The result should be the lines from the one holding "Каталог запасных частей" to the final line of the records below, repeated exactly and with no pictures.

*** Stored data Section Begins ***

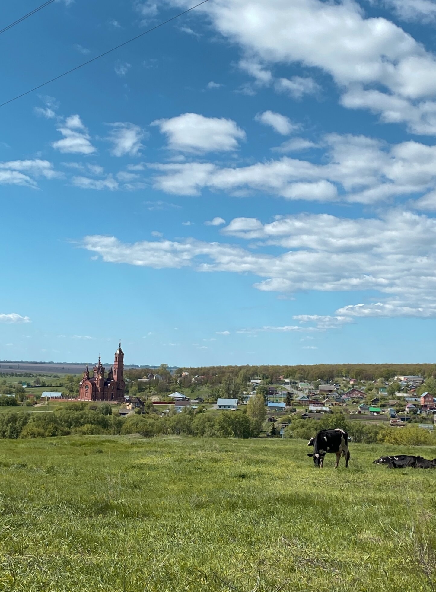 На представленной фотографии запечатлён живописный сельский пейзаж с храмом в честь святых бессребреников и чудотворцев Космы и Дамиана, расположенным в селе Мусорка Ставропольского района Самарской области. На переднем плане изображения простирается зелёное пастбище, где мирно пасутся коровы, что символизирует традиционный уклад сельской жизни, неразрывно связанный с духовными основами.
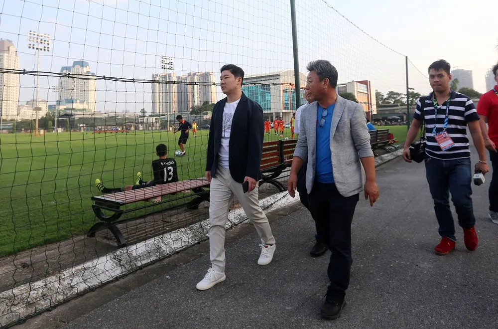 Jin Jong Oh bước vào sân tập giao lưu với các tuyển thủ Việt Nam.
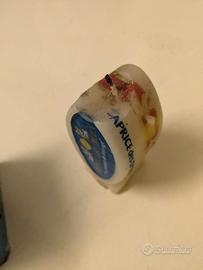 La candela "Caprice des Dieux" riproduce la forma e l’etichetta del noto formaggio francese, con il logo e il motto “un amour de fromage”. Usata.
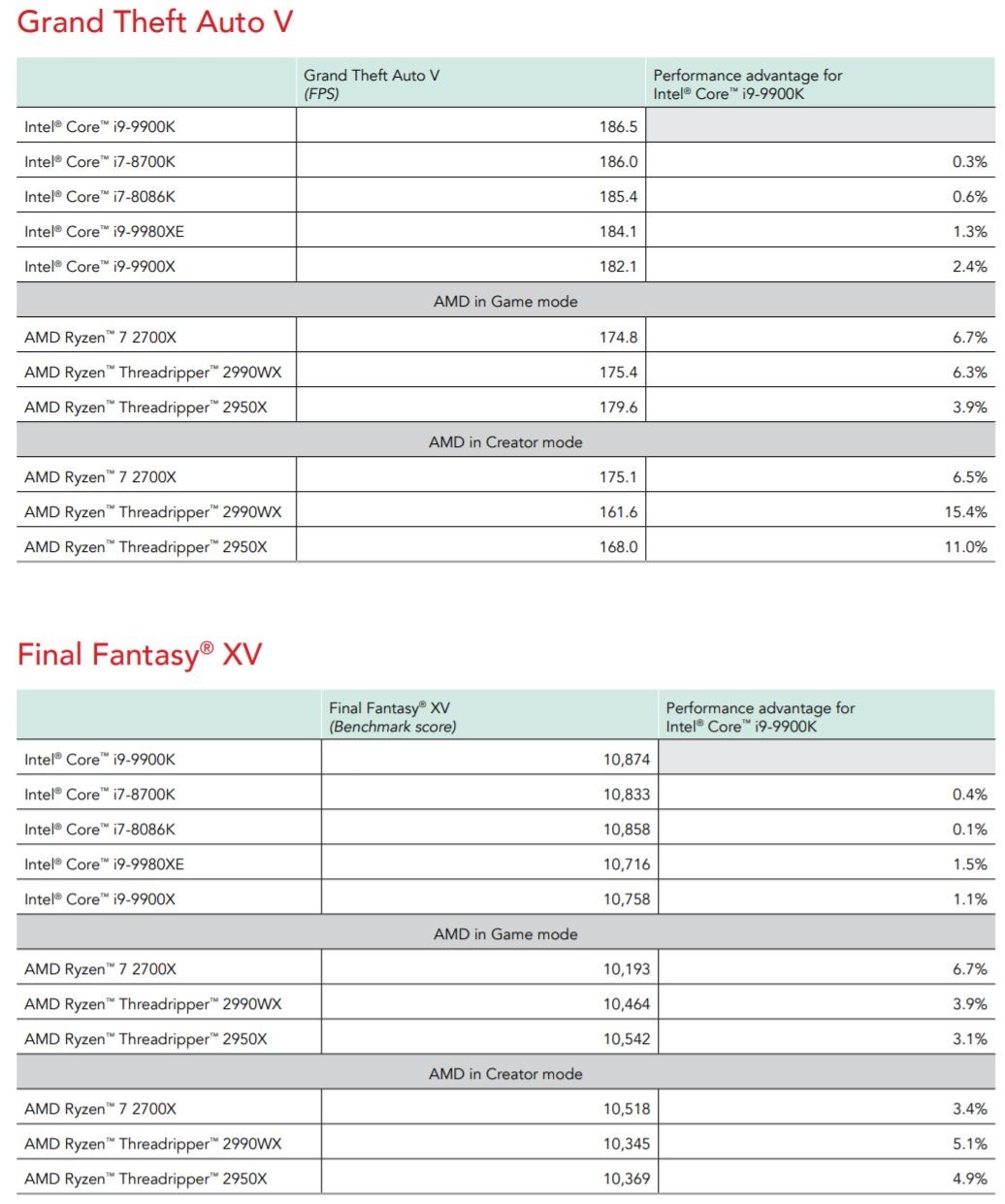 Ryzen 7 2700X Modo Creator  (FPS) Modo Juegos (Test original – FPS) Intel 9900K
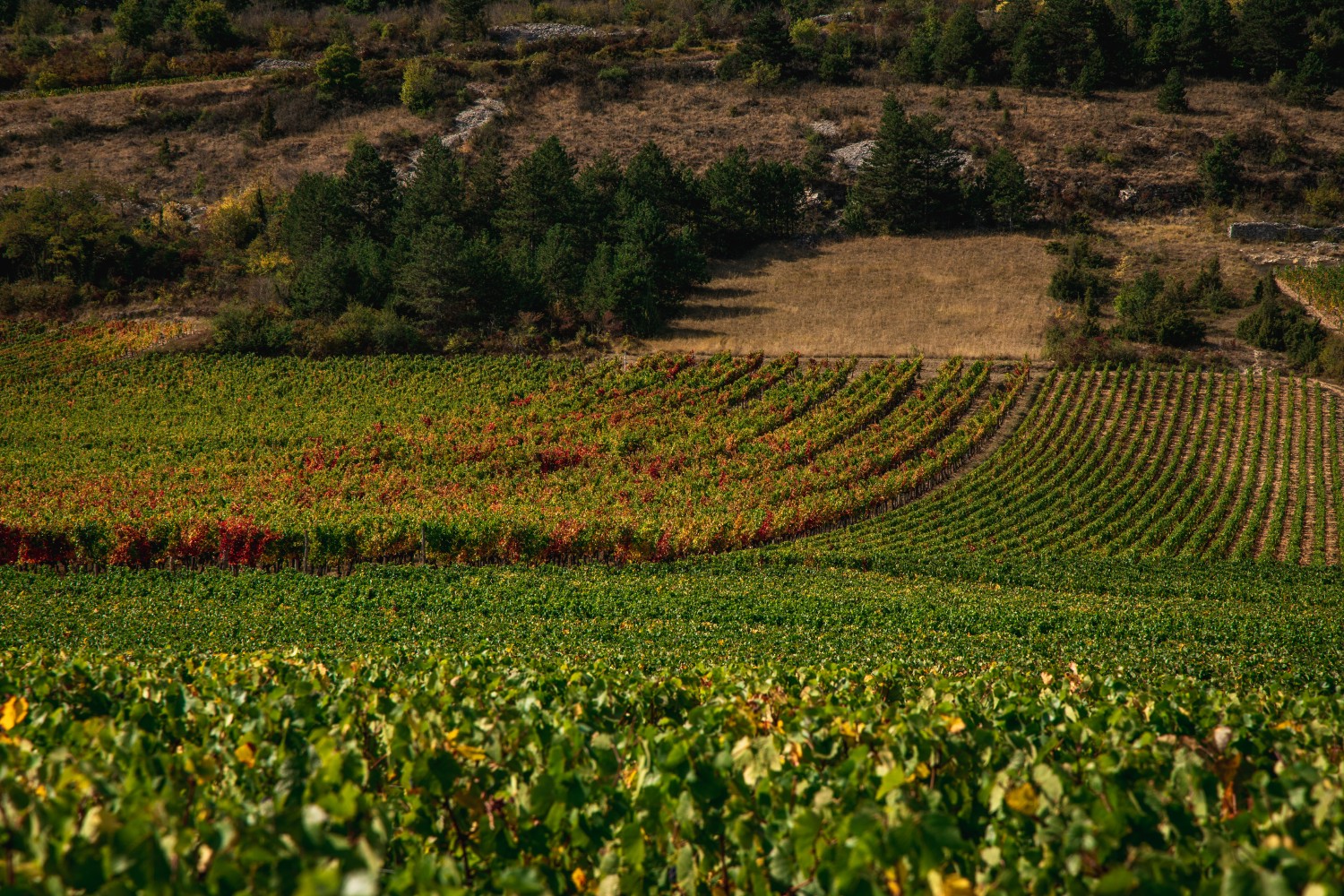 The Burgundy vineyard spreads out its 72,896 acres (29,500 ha), including 61,776 acres (25,000 ha) in AOC (Controlled Designation of Origin), over four departments: Yonne, Côte-d'Or, Saône-et-Loire, and Rhône. The clay-limestone soils from the Jurassic favor the terroirs of the Burgundian vineyard up to Mâcon. Further south, in Beaujolais, are the granite foothills of the Massif Central. Depending on their exposure, the wines take on different tastes and colors that make up the richness of their terroir and the remarkable diversity of Burgundy wines.
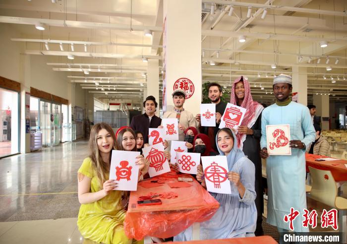 為了更加深入地感受中國(guó)“年”味,活動(dòng)現(xiàn)場(chǎng),外國(guó)友人們還體驗(yàn)了舞龍舞獅、剪紙等傳統(tǒng)春節(jié)習(xí)俗。伴隨著熱烈歡快的音樂(lè),外國(guó)友人們反復(fù)練習(xí)舞龍舞獅的動(dòng)作,現(xiàn)場(chǎng)一片歡聲笑語(yǔ)。
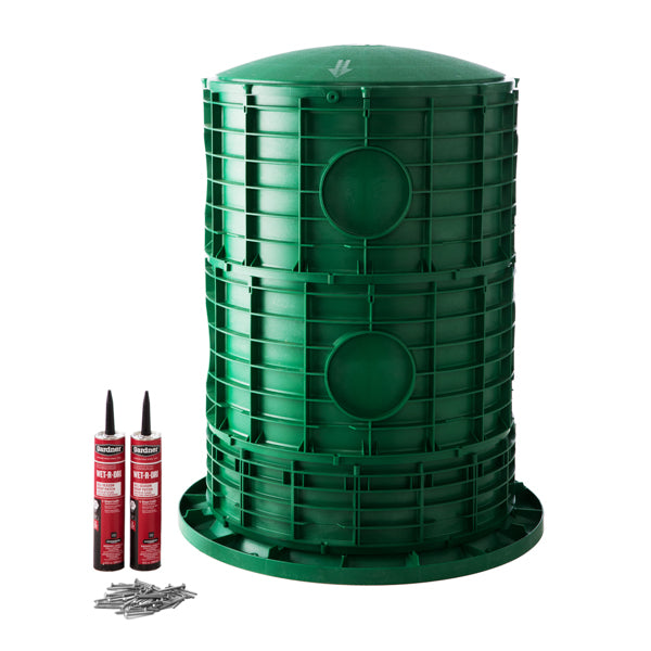 This kit includes a 20" diameter riser, a secure cover, and all necessary installation hardware. Each component is made from heavy-duty, UV-resistant polyethylene, designed to withstand outdoor exposure, moisture, and long-term soil contact without rusting or corroding. The fitted cover helps protect against water intrusion and restrict unauthorized access.
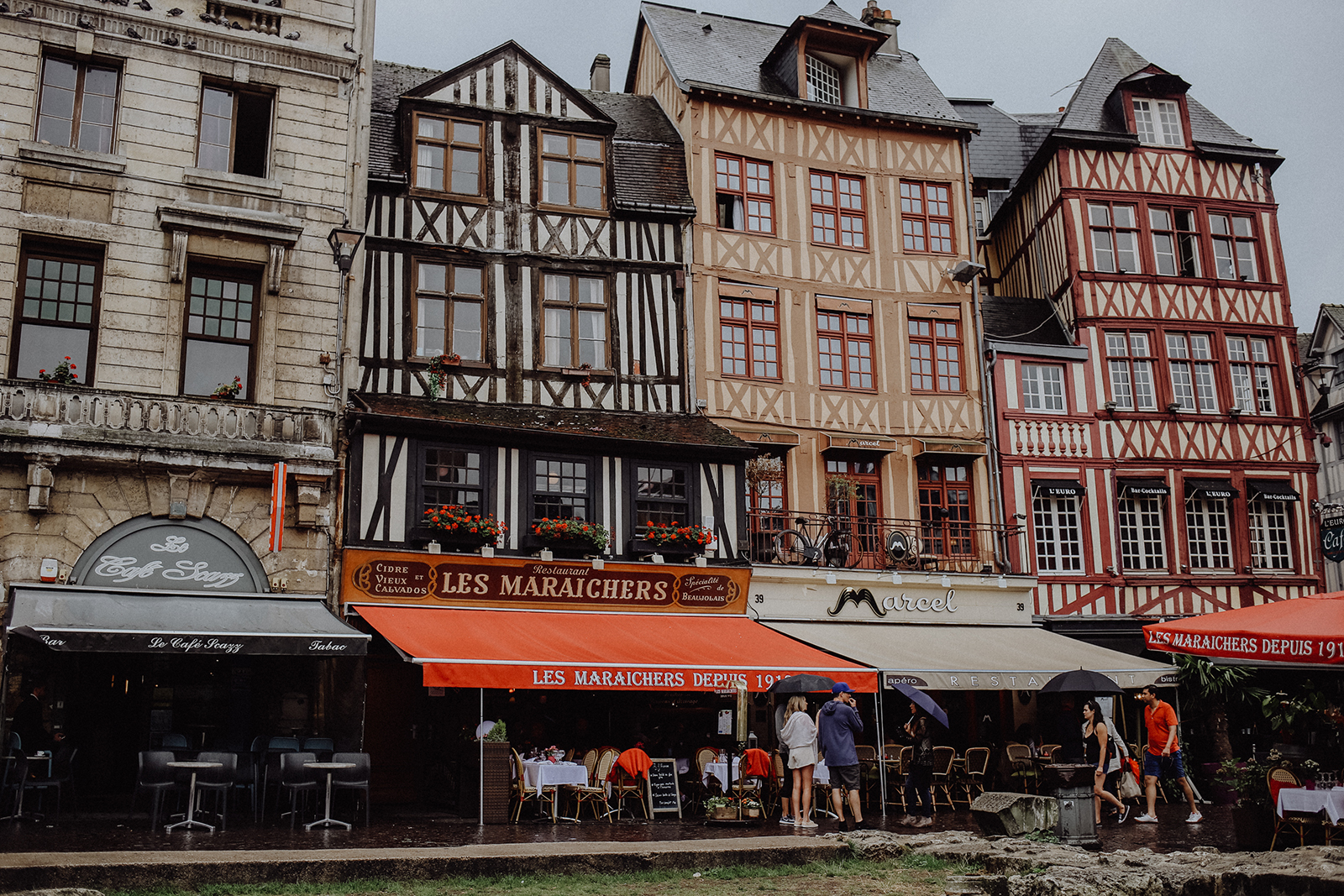 Ein Ausflug nach Rouen, der „Stadt der 100 Kirchtürme“, gleicht einer kleinen Zeitreise. In den mittelalterlichen Gassen stehen dicht gedrängt unzählige Fachwerkhäuser und führen fast unweigerlich vorbei am berühmten Uhrenturm zu der beeindruckenden gotischen Kathedrale, in der sich Richard Löwenherz auf eigenen Wunsch nach seinem Tod begraben ließ. Seit 2015 kann man außerdem die spannende Geschichte der Nationalheldin Johanna von Orleans im Historial Jeanne d'Arc entdecken. Wem die Füße vom Sightseeing weh tun, kann aber auch gemütlich durch die Fußgängezone von Café zu Café bummeln oder einen Blick in das älteste Restaurant Frankreichs am Altmarkt werfen.
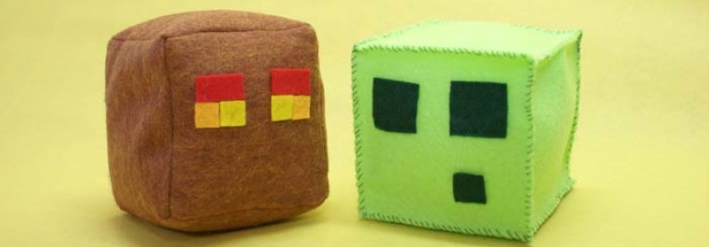 Here’s a super simple idea for Minecraft fans–felt plushy toys! This is sooooo easy, your kid could even make it! All you need is felt, stuffing, scissors, thread and a needle. Boom! There are two Minecraft mobs perfect for this style of toy: slimes and magma cubes. Why? They’re cubes already!
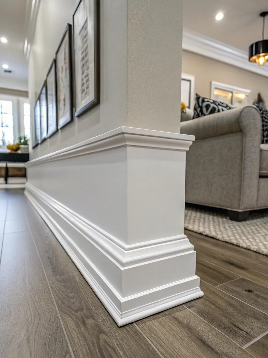 Installation of baseboards, crown molding, door and window trim, and detailed finish carpentry for a polished interior look.
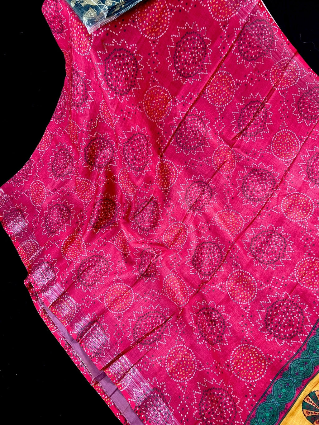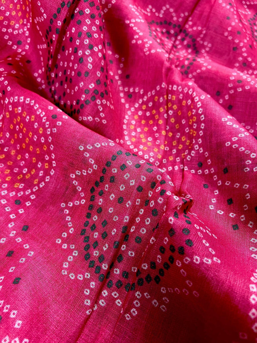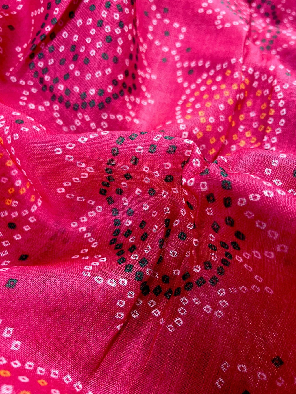 Pink Color Pure Linen by Linen Saree wth Bandhani Digital Prints with Floral Yellow small border.
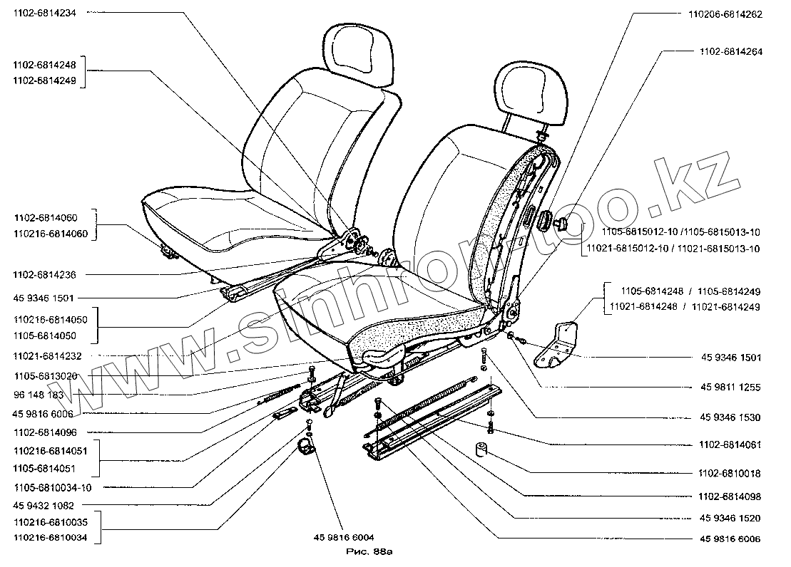 Каталог запасных частей к технике: ЗАЗ-1102 (Таврия Нова). Механизм регулирования положения передних сидений
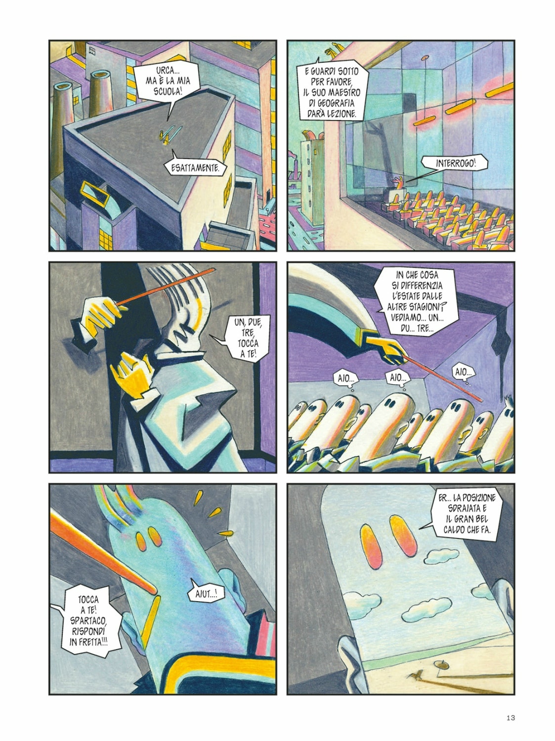 In questa storia sono già presenti tutti gli elementi che caratterizzano Spartaco, dalla commistione di grafica, poesia e fantasia allo stralunato personaggio col ciuffo che osserva la realtà con uno sguardo tutto interiore – Lorenzo Mattotti
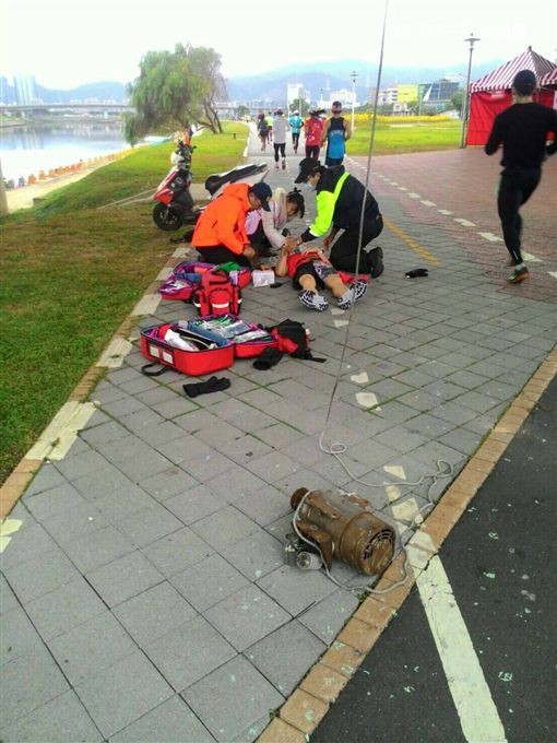 該傷者為40歲的陳姓男子,參加馬拉松路跑活動行經麥帥二橋時,被一顆抽水馬達從天而降擊中頭部,男子當場頭破血流倒地,而發出的巨大聲響更讓現場的其他路跑跑者嚇一大跳,直呼「這顆馬達近10公斤重」,幸好男子送醫後頭頂縫12針、下巴4針,意識清醒,留院觀察但沒有大礙。

*** Stored data Section Ends ***

**Answer section:**
 Каталог запасных частей к технике: ЗАЗ-1102 (Таврия Нова). Механизм регулирования положения передних сидений
 In questa storia sono già presenti tutti gli elementi che caratterizzano Spartaco, dalla commistione di grafica, poesia e fantasia allo stralunato personaggio col ciuffo che osserva la realtà con uno sguardo tutto interiore – Lorenzo Mattotti
 該傷者為40歲的陳姓男子,參加馬拉松路跑活動行經麥帥二橋時,被一顆抽水馬達從天而降擊中頭部,男子當場頭破血流倒地,而發出的巨大聲響更讓現場的其他路跑跑者嚇一大跳,直呼「這顆馬達近10公斤重」,幸好男子送醫後頭頂縫12針、下巴4針,意識清醒,留院觀察但沒有大礙。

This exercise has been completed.